• [WHAT TO DO]:
With the pictures excluded, reproduce all of the data exactly.

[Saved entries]
○ ○ ○ ○
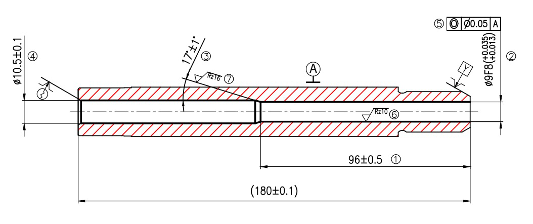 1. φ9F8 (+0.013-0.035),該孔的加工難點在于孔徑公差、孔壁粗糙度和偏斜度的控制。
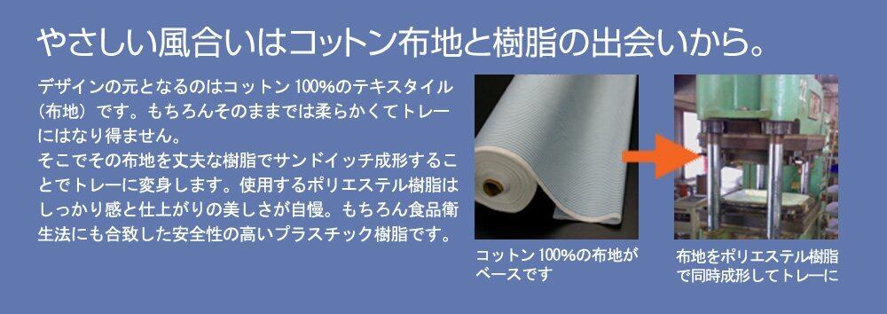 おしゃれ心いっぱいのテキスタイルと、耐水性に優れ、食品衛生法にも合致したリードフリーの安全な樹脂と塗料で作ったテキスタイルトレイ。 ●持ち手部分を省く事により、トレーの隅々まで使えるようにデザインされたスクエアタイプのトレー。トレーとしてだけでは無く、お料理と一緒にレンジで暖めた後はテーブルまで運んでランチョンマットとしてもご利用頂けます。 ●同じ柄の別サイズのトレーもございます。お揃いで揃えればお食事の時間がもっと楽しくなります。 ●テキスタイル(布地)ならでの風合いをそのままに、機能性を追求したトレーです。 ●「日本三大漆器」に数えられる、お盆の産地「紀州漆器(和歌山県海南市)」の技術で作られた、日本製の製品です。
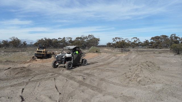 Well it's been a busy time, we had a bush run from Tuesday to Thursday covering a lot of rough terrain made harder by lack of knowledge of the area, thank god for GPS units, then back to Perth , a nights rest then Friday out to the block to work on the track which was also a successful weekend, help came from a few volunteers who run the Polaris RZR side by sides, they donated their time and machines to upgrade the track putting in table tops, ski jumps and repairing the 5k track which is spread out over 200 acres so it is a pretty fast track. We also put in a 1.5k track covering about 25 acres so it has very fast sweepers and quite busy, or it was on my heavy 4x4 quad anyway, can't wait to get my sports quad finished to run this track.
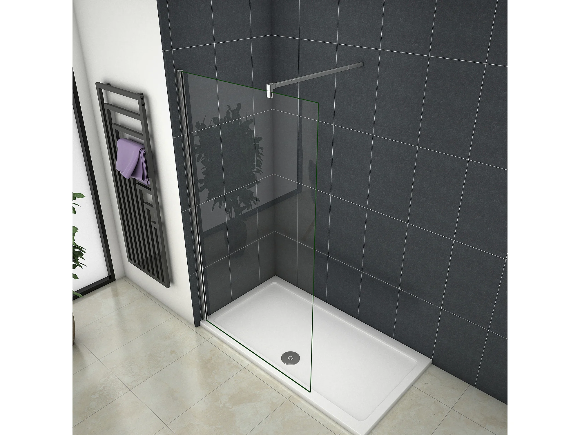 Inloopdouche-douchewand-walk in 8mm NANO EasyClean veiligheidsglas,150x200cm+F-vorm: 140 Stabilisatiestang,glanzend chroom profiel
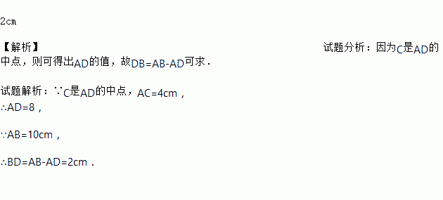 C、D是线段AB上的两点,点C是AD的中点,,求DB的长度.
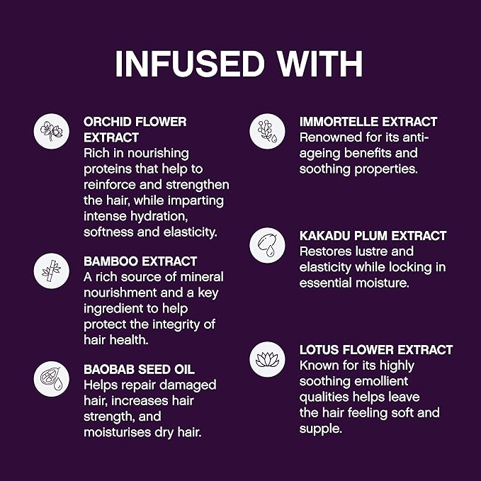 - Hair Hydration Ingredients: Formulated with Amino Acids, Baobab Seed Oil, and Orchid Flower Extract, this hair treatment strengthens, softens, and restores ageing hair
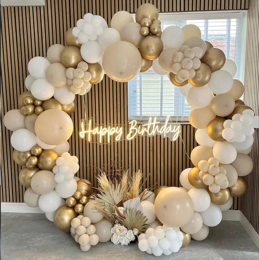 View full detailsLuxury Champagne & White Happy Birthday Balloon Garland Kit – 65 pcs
○ ○ ○ ○
• [TASK ANSWER]:
 1. φ9F8 (+0.013-0.035),該孔的加工難點在于孔徑公差、孔壁粗糙度和偏斜度的控制。
 おしゃれ心いっぱいのテキスタイルと、耐水性に優れ、食品衛生法にも合致したリードフリーの安全な樹脂と塗料で作ったテキスタイルトレイ。 ●持ち手部分を省く事により、トレーの隅々まで使えるようにデザインされたスクエアタイプのトレー。トレーとしてだけでは無く、お料理と一緒にレンジで暖めた後はテーブルまで運んでランチョンマットとしてもご利用頂けます。 ●同じ柄の別サイズのトレーもございます。お揃いで揃えればお食事の時間がもっと楽しくなります。 ●テキスタイル(布地)ならでの風合いをそのままに、機能性を追求したトレーです。 ●「日本三大漆器」に数えられる、お盆の産地「紀州漆器(和歌山県海南市)」の技術で作られた、日本製の製品です。
 Well it's been a busy time, we had a bush run from Tuesday to Thursday covering a lot of rough terrain made harder by lack of knowledge of the area, thank god for GPS units, then back to Perth , a nights rest then Friday out to the block to work on the track which was also a successful weekend, help came from a few volunteers who run the Polaris RZR side by sides, they donated their time and machines to upgrade the track putting in table tops, ski jumps and repairing the 5k track which is spread out over 200 acres so it is a pretty fast track. We also put in a 1.5k track covering about 25 acres so it has very fast sweepers and quite busy, or it was on my heavy 4x4 quad anyway, can't wait to get my sports quad finished to run this track.
 Inloopdouche-douchewand-walk in 8mm NANO EasyClean veiligheidsglas,150x200cm+F-vorm: 140 Stabilisatiestang,glanzend chroom profiel
 C、D是线段AB上的两点,点C是AD的中点,,求DB的长度.
 - Hair Hydration Ingredients: Formulated with Amino Acids, Baobab Seed Oil, and Orchid Flower Extract, this hair treatment strengthens, softens, and restores ageing hair
 View full detailsLuxury Champagne & White Happy Birthday Balloon Garland Kit – 65 pcs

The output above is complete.